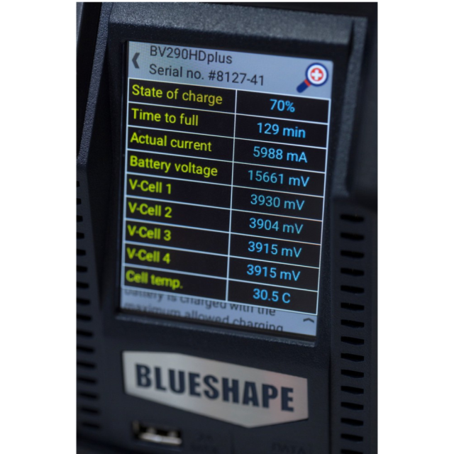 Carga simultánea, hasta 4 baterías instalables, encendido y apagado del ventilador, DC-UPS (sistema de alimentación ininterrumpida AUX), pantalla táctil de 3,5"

· · ·

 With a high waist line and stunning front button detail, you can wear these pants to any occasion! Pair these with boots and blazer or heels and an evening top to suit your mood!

· · ·

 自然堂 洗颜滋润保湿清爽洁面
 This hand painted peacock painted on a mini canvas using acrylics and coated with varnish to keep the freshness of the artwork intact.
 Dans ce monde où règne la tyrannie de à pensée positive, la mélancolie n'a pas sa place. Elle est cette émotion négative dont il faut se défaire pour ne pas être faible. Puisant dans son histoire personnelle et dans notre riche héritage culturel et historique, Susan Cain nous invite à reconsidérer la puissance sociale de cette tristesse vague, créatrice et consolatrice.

· · ·

▸ ASSIGNMENT: Give again exactly, and only, the lines above starting at the one with "自然堂 洗颜滋润保湿清爽洁面" and ending at the one with "Dans ce monde".

▸ SOLUTION:
 自然堂 洗颜滋润保湿清爽洁面
 This hand painted peacock painted on a mini canvas using acrylics and coated with varnish to keep the freshness of the artwork intact.
 Dans ce monde où règne la tyrannie de à pensée positive, la mélancolie n'a pas sa place. Elle est cette émotion négative dont il faut se défaire pour ne pas être faible. Puisant dans son histoire personnelle et dans notre riche héritage culturel et historique, Susan Cain nous invite à reconsidérer la puissance sociale de cette tristesse vague, créatrice et consolatrice.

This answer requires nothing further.